Myers’s long poem Saint Paul was written while he was a student and submitted for the Seatonian verse competition in Cambridge. It ran to a full 150 stanzas and was based on II Corinthians 12: 9: “And he said unto me, My grace is sufficient for thee.”
The poem failed to win the prize, but Myers had it published in 1867. It ends with the verses that have been adapted as the last three stanzas of this Advent hymn. The first stanza is not part of the original poem, and may not have been written by Myers.
This hymn, describing Christ’s second coming as spoken of in the closing chapter of the Book of Revelation, reveals Myers’s spirituality at the time, and contains the promise of the return and the gathering up of all things in Christ. It tingles with excitement as it expresses all the longing, all the expectancy, all the trust and all the waiting of Advent. This is a hymn not about watching but about listening ... listening for sounds beyond the mortal spectrum. The last verse breaks through the sorrows, fears and sin of the past and the present that gets in the way of looking to the future and the hope of the Second Coming of Christ:
Yea, through life, death, through sorrow and through sinning,
he shall suffice me, for he hath sufficèd:
Christ is the end, for Christ was the beginning,
Christ the beginning, for the end is Christ.

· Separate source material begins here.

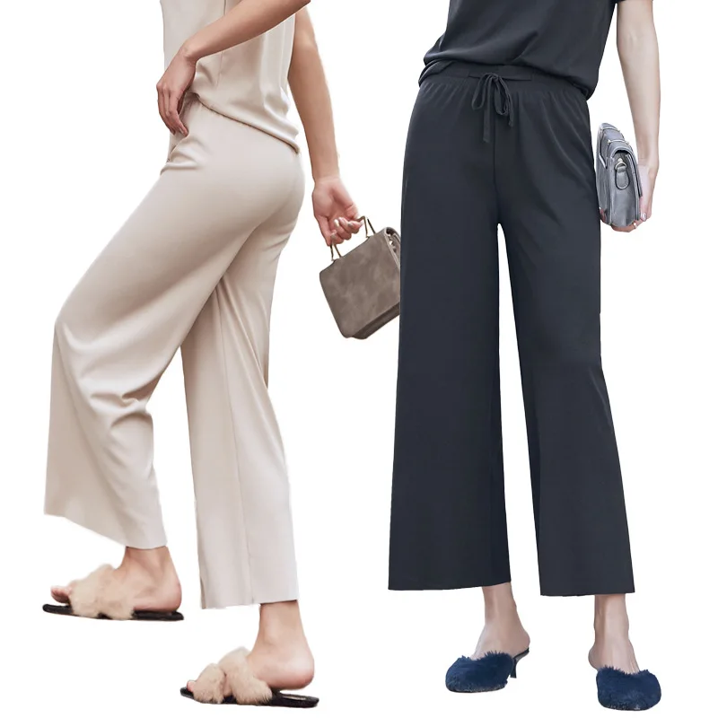 Glace Soie Pantalon Large Femme Ete Taille Haute Ample Mince Section Neuf Points Pantalon Vertical Sens Droit Decontracte Pantalon Femme Aliexpress

Westminster Cathedral, where Sir Richard Runciman Terry was organist and first Director of Music (Photograph: Patrick Comerford)
The tune Highwood was written by Sir Richard Runciman Terry (1865-1938). Terry was an organ scholar at Oxford, and then a choral scholar at King’s College, Cambridge. He became a Roman Catholic in 1896, and was the Music Master at Downside School before being appointed the organist and the first Director of Music at Westminster Cathedral. In the early 20th century, Terry made an impressive contribution to the music of the Roman Catholic Church in England.and first wrote this tune for the wedding hymn ‘O perfect love, all human thought transcending’ at the suggestion of his uncle, Lord Runciman. The tune is named after a wood on Lord Runciman’s estate at Doxford, seven miles north of Alnwick in Northumberland.
Highwood is a sweeping melody, soaring upwards, and then falling back to earth with a sigh. The setting of Myers’s words has been very successful, with exultation in the words taken up in the music.
Hark, what a sound, and too divine for hearing, by Frederick WH Myers
Hark, what a sound, and too divine for hearing,
stirs on the earth and trembles in the air!
Is it the thunder of the Lord’s appearing?
Is it the music of his people’s prayer?
Surely he cometh, and a thousand voices
shout to the saints and to the deaf are dumb;
surely he cometh, and the earth rejoices,
glad in his coming who hath sworn, ‘I come’.
This hath he done, and shall we not adore him?
This shall he do, and can we still despair?
Come let us quickly fling ourselves before him,
cast at his feet the burden of our care.
Yea, through life, death, through sorrow and through sinning
he shall suffice me, for he hath sufficèd:
Christ is the end, for Christ was the beginning,
Christ the beginning, for the end is Christ.